**Work request**
Output the entries below unchanged, except for the pictures.
--------------------------------
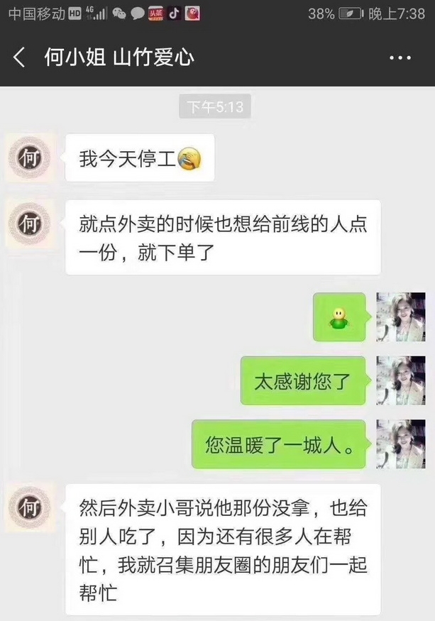 還有為這些前線工人送愛(ài)心外賣(mài)訂單的“何女士”
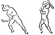 Quando l'uomo si dispone alla creazione del moto con la forza, esso si piega e torce quanto può nel moto contrario a quello dove vuol generare la percussione,
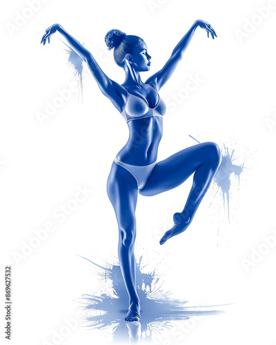 © Bonya Sharp Claw, Fototapeta premium A woman in a blue bikini is dancing in the water. The blue color of the bikini and the water creates a sense of calmness and serenity
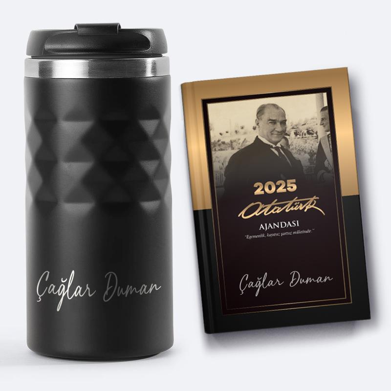 Kişiye Özel Siyah Spor Paslanmaz Çelik Termos 300 ml ve 2025 Ajanda - Cumhuriyet
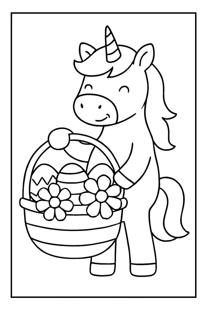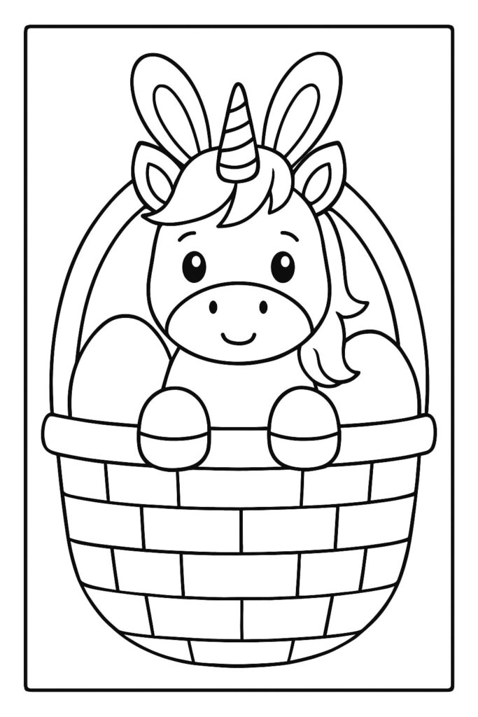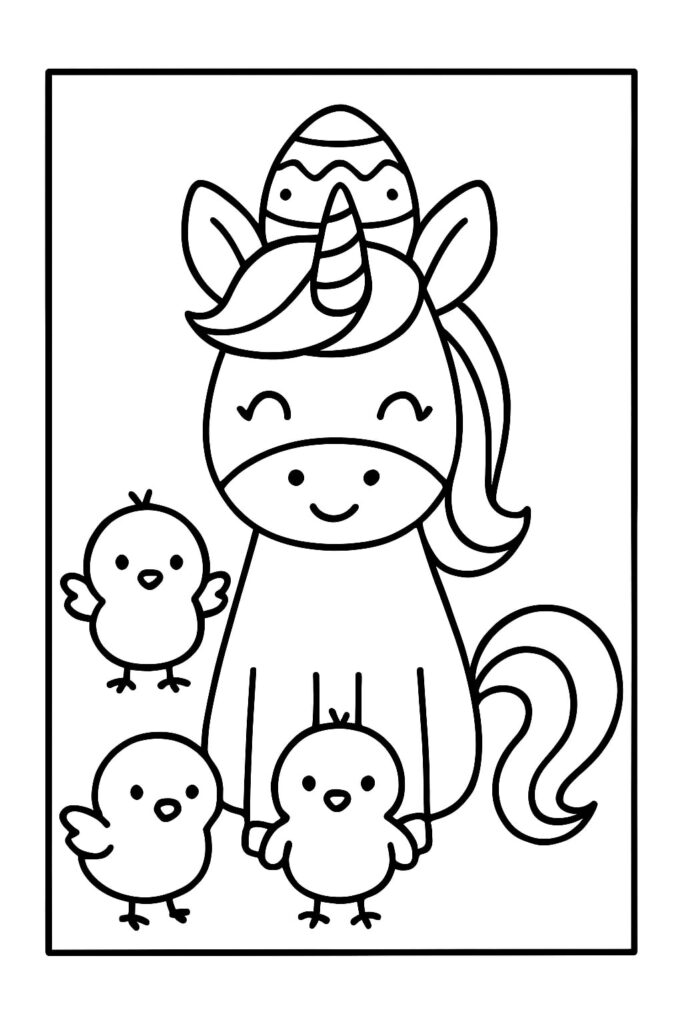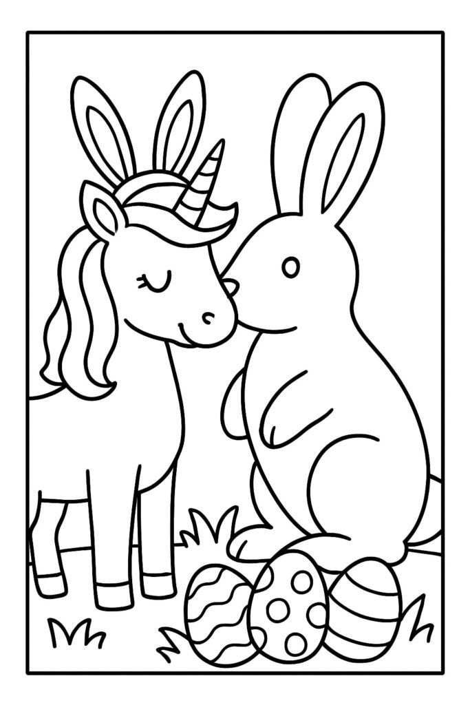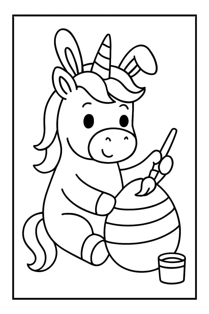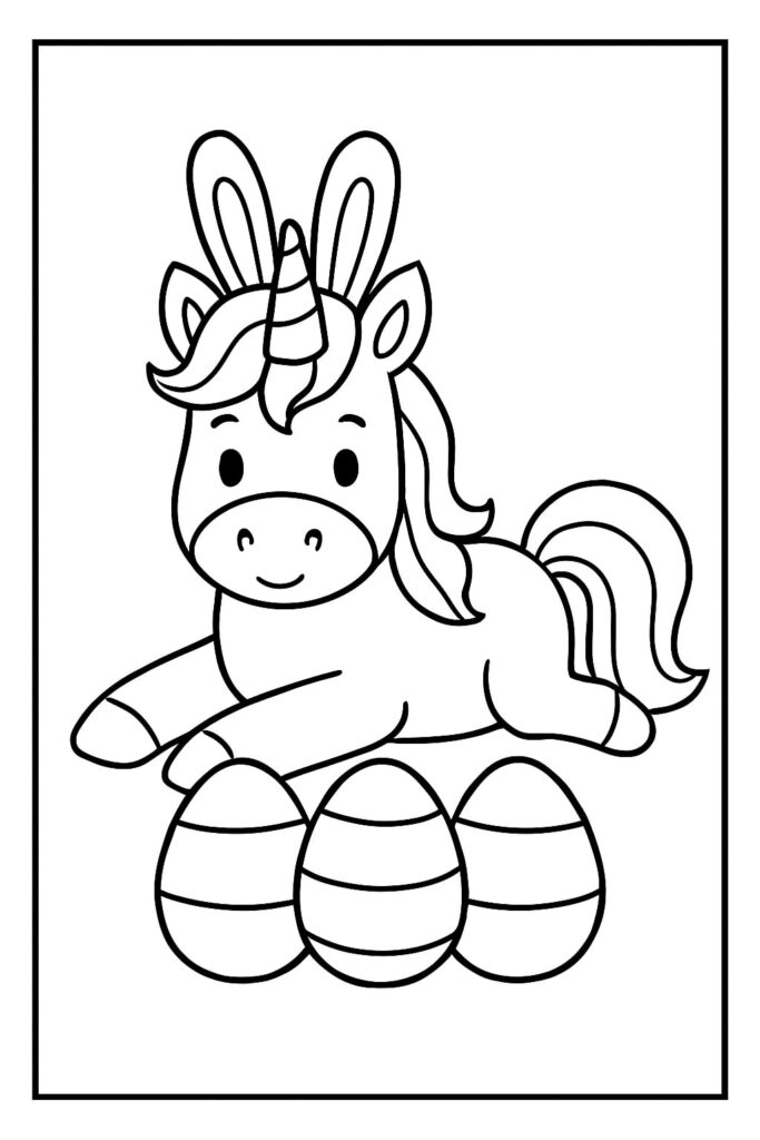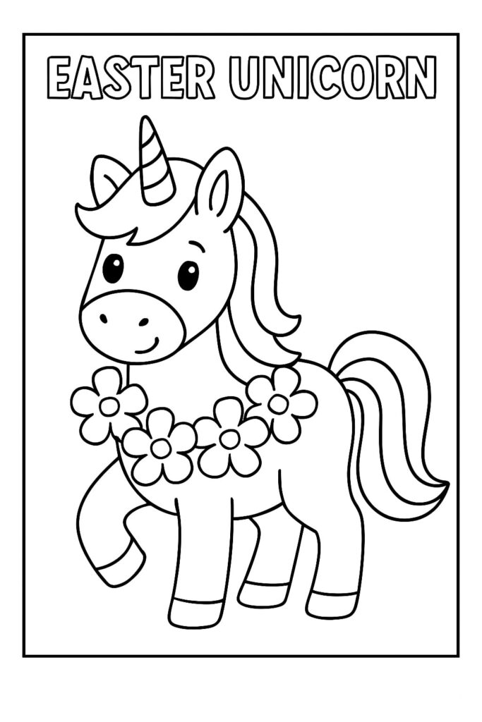 - Easter unicorn pages combine familiar spring icons (eggs, bunny ears) with magical manes—kids love the mix.
--------------------------------
**Answer to the exercise**
 還有為這些前線工人送愛(ài)心外賣(mài)訂單的“何女士”
 Quando l'uomo si dispone alla creazione del moto con la forza, esso si piega e torce quanto può nel moto contrario a quello dove vuol generare la percussione,
 © Bonya Sharp Claw, Fototapeta premium A woman in a blue bikini is dancing in the water. The blue color of the bikini and the water creates a sense of calmness and serenity
 Kişiye Özel Siyah Spor Paslanmaz Çelik Termos 300 ml ve 2025 Ajanda - Cumhuriyet
 - Easter unicorn pages combine familiar spring icons (eggs, bunny ears) with magical manes—kids love the mix.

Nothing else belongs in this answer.